**WORKING DATA**

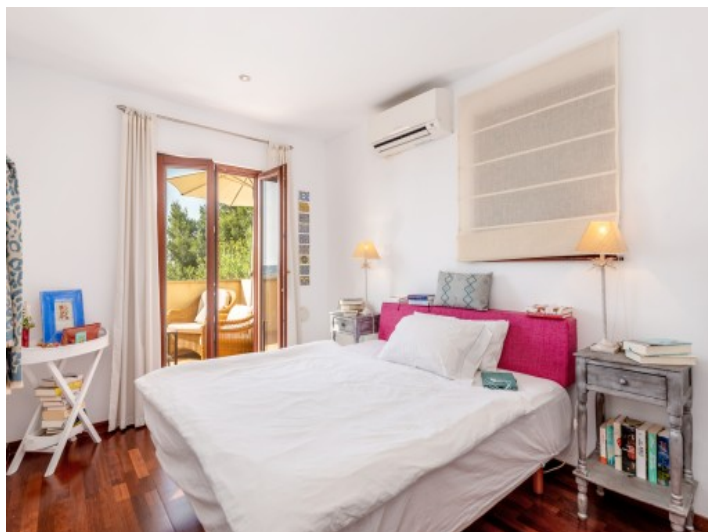
Double bedroom with terrace
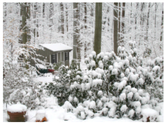
Bill Wallenmeyer - Snow
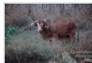
Brahman cattle, introduced in 1933 to northern Australia, Lakefield National Park, 1982
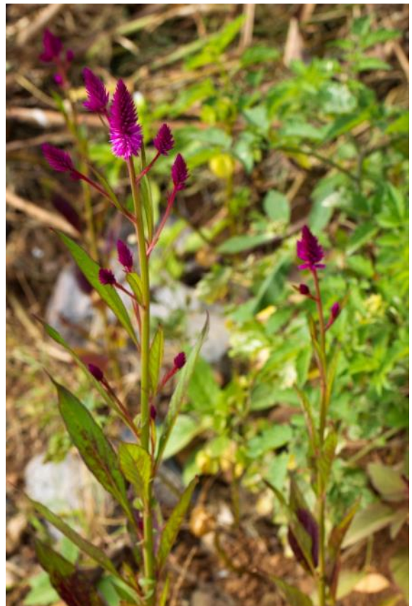
Água dos Patos, São Nicolau
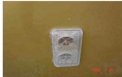
Screen for Furnace Exhaust and Inlet Air

Richard Hodges strongly suggested installing mud dauber screens on the air inlet and exhaust outlets of the furnaces. They are especially necessary for coaches that are used infrequently and not garaged.
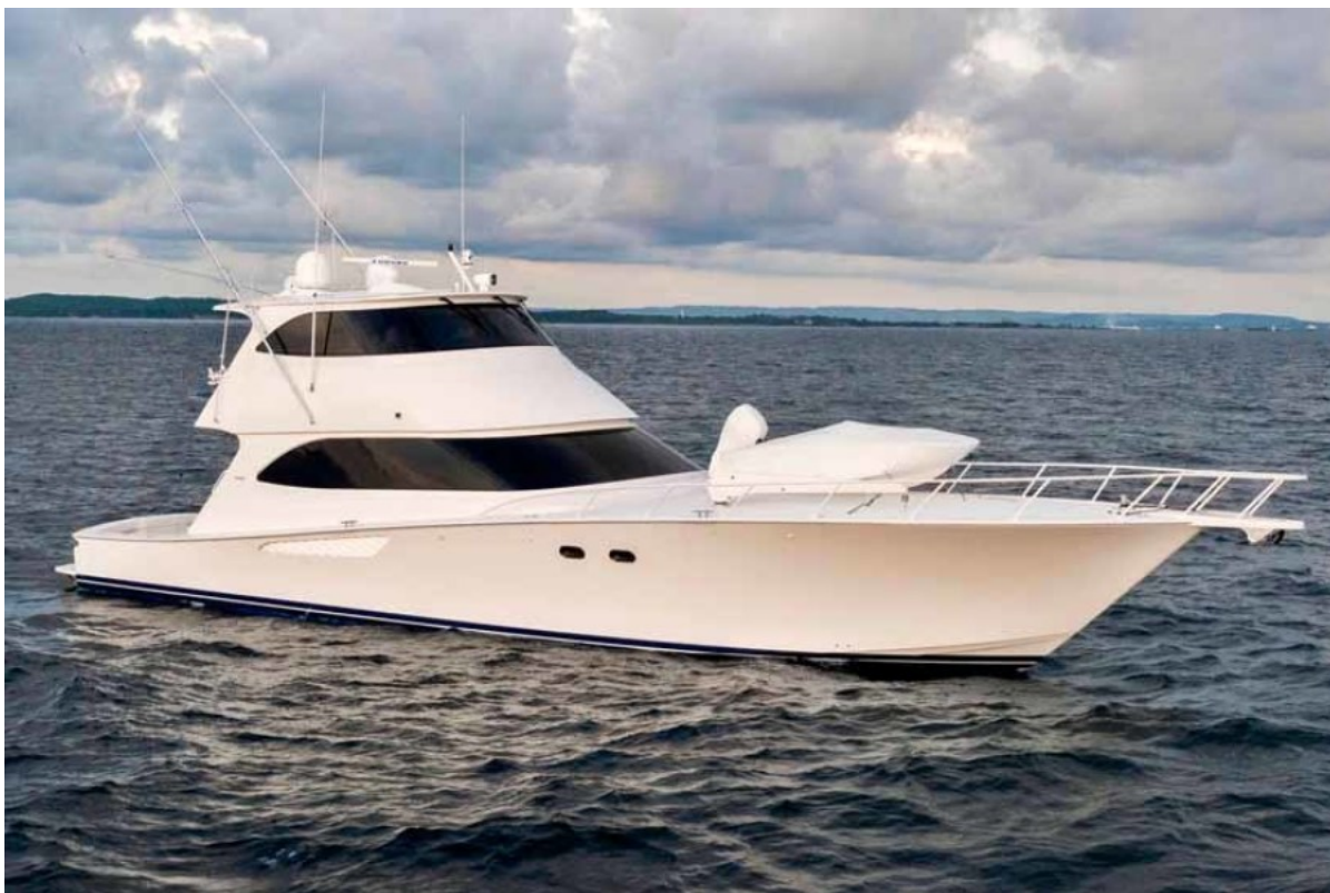
2011 Viking 70 Enclosed Bridge - Last Call
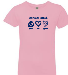
Girls Light Pink 4.3 oz Ring Spun Cotton short sleeve T-shirt with Peace Love Jaguars design on front printed in Royal Blue.
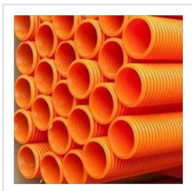
Od 120 Mm Dwc Pipe
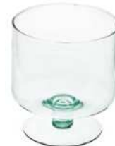
WVN 17/15 height: 170 top: 150 bottom: 110 q/p: 360
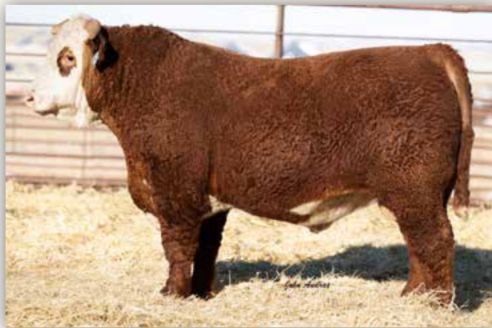
MH 0506 BRITISHER 237
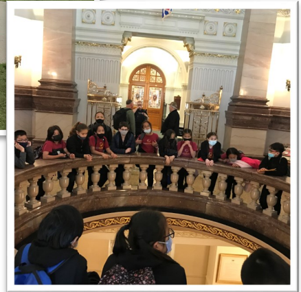
Grade 5 field trip to Victoria!
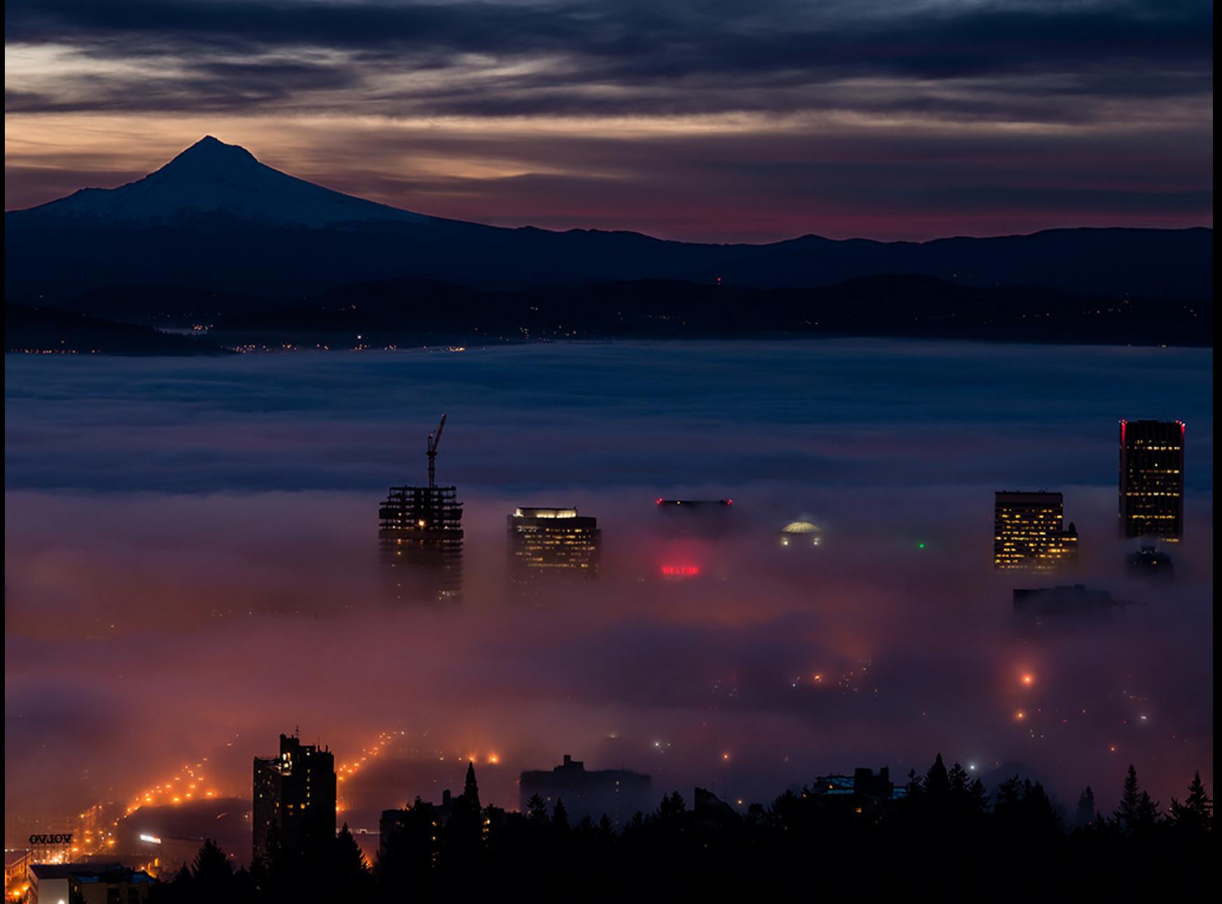
EquiLux, by Charles Edelson, FGCC
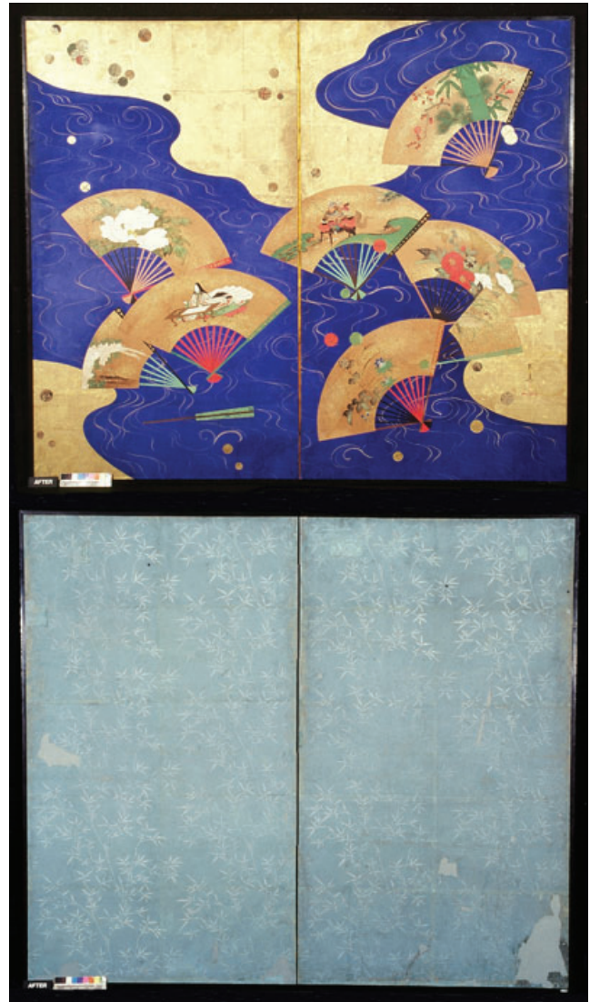
Fig. 6. Japanese screen after overall treatment of painting and back papers

Procedures used on scrolls for reinforcing tears with cut strips after lining, for minimizing the overlapping edges of a fill on thin paper, for burnishing the linings, and for assembling sections and flattening under tension have been enormously useful as well, particularly on very lightweight or translucent Western works such as drawings on tracing paper.
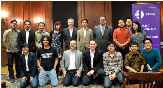
Symposium '65 at EDGS
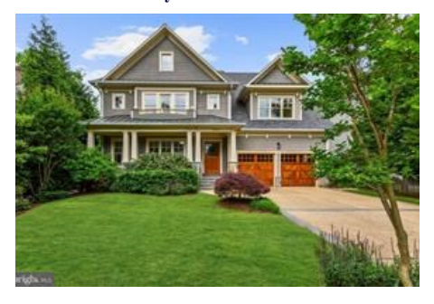
7707 Radnor Road

Sold Price: $1,570,000 Orig Price: $1,595,000 Days on Market: 23
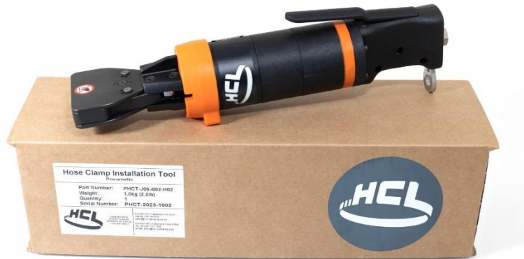
Original Tool Carton with generic tool example shown

Storage: Tool should be installed and used in a dry environment. When not in use store in a cool dry area in original carton.
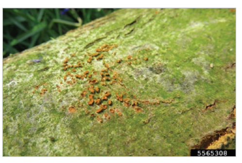
Fruiting bodies of chestnut blight.
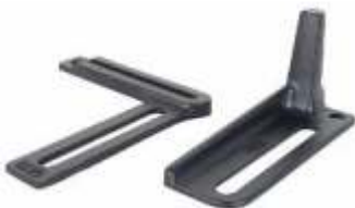
RAM-160BBU RAM SEAT RAIL BRACKETS ONLY
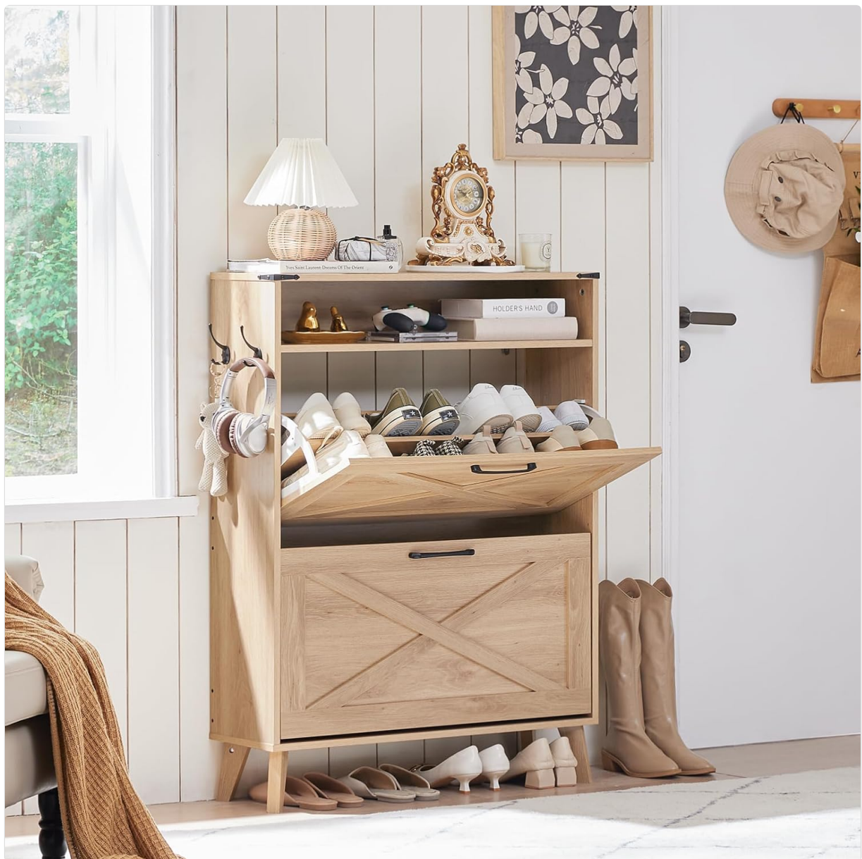
Figure 4: Open Drawer View. The top flip-down drawer is open, displaying shoes neatly organized on its two tiers. This demonstrates the easy access and storage capacity.
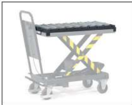
Roller conveyor with attachable frame.

Roller conveyor 6891 Can be fixed to platform with clamped joint, swivelling by 360°, arrestable. 6 steel rolls (Ø 57 mm and length 430 mm) with roller bearings. Distance between axles: 110 mm Height: 92 mm Carrying capacity 500 kg – swivelling –
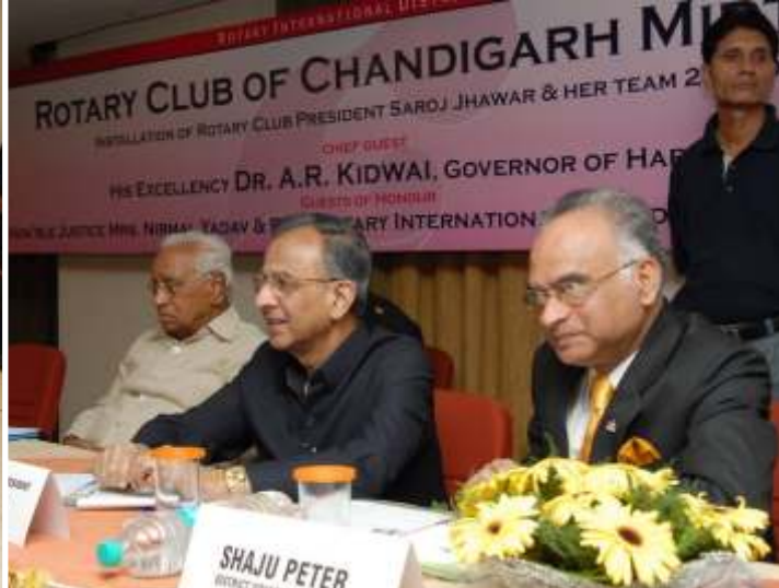
The Captive(ated) Audience

**EXERCISE INSTRUCTIONS**
Look above for the line with "Fig. 6. Japanese" and the line with "RAM-160BBU RAM SEAT RAIL BRACKETS ONLY"; set down those two lines and all lines between them exactly, without pictures and without anything else.

**RESULT OF THIS TASK**
Fig. 6. Japanese screen after overall treatment of painting and back papers

Procedures used on scrolls for reinforcing tears with cut strips after lining, for minimizing the overlapping edges of a fill on thin paper, for burnishing the linings, and for assembling sections and flattening under tension have been enormously useful as well, particularly on very lightweight or translucent Western works such as drawings on tracing paper.
Symposium '65 at EDGS
7707 Radnor Road

Sold Price: $1,570,000 Orig Price: $1,595,000 Days on Market: 23
Original Tool Carton with generic tool example shown

Storage: Tool should be installed and used in a dry environment. When not in use store in a cool dry area in original carton.
Fruiting bodies of chestnut blight.
RAM-160BBU RAM SEAT RAIL BRACKETS ONLY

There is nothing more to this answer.